None of these distinctions prevented an individual being bought or sold. In fact, they demarked their position in the market as a tradable commodity. The dehumanisation of the person was perhaps the aim, the removal of names and distinguishing features, so any individuality was lost.
It was one of many actions that allowed a psychological barrier to develop for the slavers, allowing them to carry on their abhorrent trade without harming their own mental wellbeing.
White people have long been fascinated by the offspring of biracial relationships, I think because these women or men, while light skinned and European looking, had a perceived ‘availability’ born from their slave status and social ambiguity that was forbidden within their own communities.
Literature has not failed to mirror this fascination. Dion Boucicault’s The Octoroon is a typically salacious play of 1859, a torrid melodrama with the storyline of Zoe, a woman of distant African heritage, who nevertheless looks white, and follows the vicissitudes of her life, straight from slave auction into the arms of her white male saviour.

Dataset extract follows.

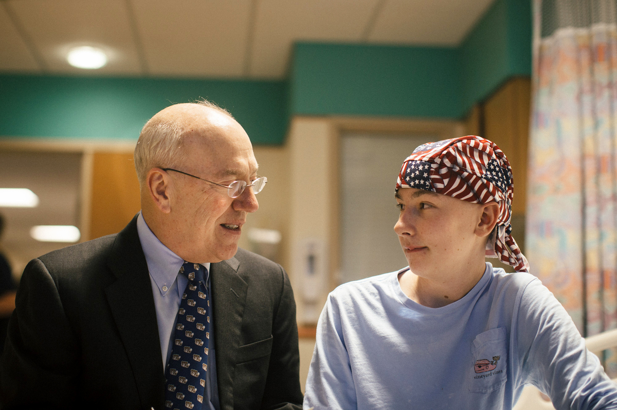 Dr. Kurt Newman visits with 14-year-old Jack Pessaud, who’s undergoing treatment for a cancerous tumor in his knee at Children’s National Health System in Washington, D.C.

An update of the theme is the golden age of Hollywood cinema Imitation of Life which posits Sarah Jane, the biracial daughter of a black housekeeper (played by Jewish-Mexican Susan Kohner), in the home of Lana Turner. The girl appears white and passes herself off as such, with predictably tragic results when her true heritage is discovered. The film is most memorable for legendary gospel singer Mahalia Jackson’s shattering solo during the funeral scene.

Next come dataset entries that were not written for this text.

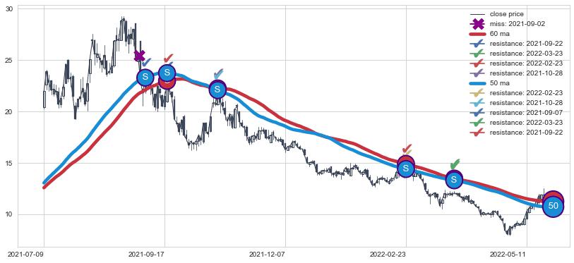 下跌趋势2021-07-09-2022-05-20,均线50, 60确认关键阻力5处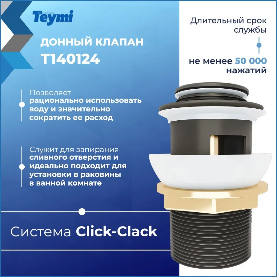 Сливной набор для раковины Teymi Ritta T140124 с переливом, click-clack, чёрный матовый
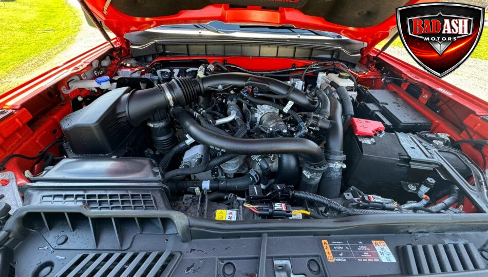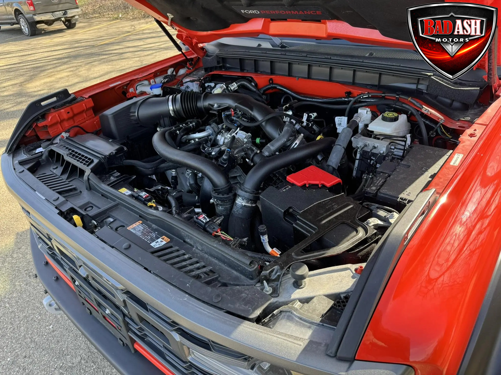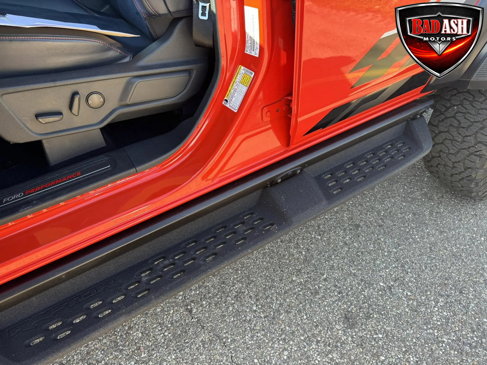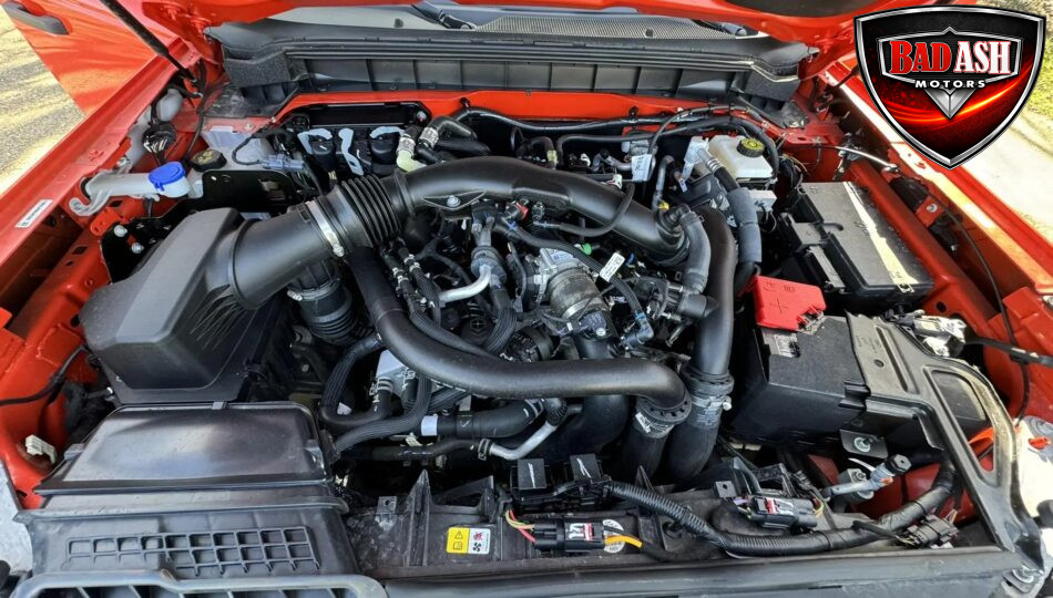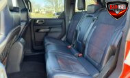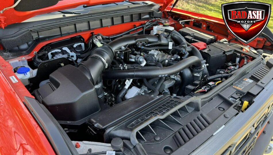 Finished in Code Orange with multi-tone graphics over a Blue and Black Onyx leather and suede interior, this example is equipped with the desirable Lux Package. Performance features include the HOSS off-road suspension with live-valve Fox dampers, Terrain Management System with G.O.A.T. drive modes, front stabilizer bar disconnect, Dana front and rear axles with 4.70:1 gearing, active exhaust, and four-wheel disc brakes. The Raptor’s wider track and increased ground clearance enhance its off-road capability.

But it was life which imitated art in recent years as we have watched the sorrowful drama of the American born and biracial Meghan, Duchess of Sussex, her white English husband Prince Harry, both son, brother and uncle to the heirs of the British throne, and the growing tension between the rarefied world of the House of Windsor and themselves, as the fairy tale fell apart in an unseemly and public way.
Truth be told Meghan was always going to struggle to fit into what the royals self-reference as ‘the firm’, her colour was just one of many things that set her apart. Her social class, her nationality, her vocation as an actress and her status as a divorcee were probably just as unsurmountable. That things deteriorated so quickly was perhaps the only surprise.
The Duchess is not alone however. Many biracial people struggle with a clear identity of exactly who they are in relation to the communities to which they belong (or perhaps don’t belong). I know this to be true from my own experience.
Sharing a common genetic dynamic with the young Archie, I once again acutely felt the discomfort of being the unwanted focus of what Psychology Today calls ‘leering interest’, as the media raked over her revelations.
Biracial people are now the fastest growing minority in Britain, so it’s strange we are often excluded from the debate on race, as if it had ever been a simple binary of black and white.
As Heidi Durrow, author of The Girl Who Fell from the Sky (2010), notes, ‘there is a long history of multiracial people having achieved great things’.
That this hasn’t been recognised is largely due to a society that wants to easily classify people. People who are biracial resist classification because we often fail to conform to normative expectations or stereotypes regarding appearance or life experience.
If we accept this and accept that there are different nuances to any debate, then perhaps the biracial viewpoint can offer a bridge that embraces both the white and the black experience, as well as being a position all of its own.
That would be the best outcome for Archie, and for millions of others.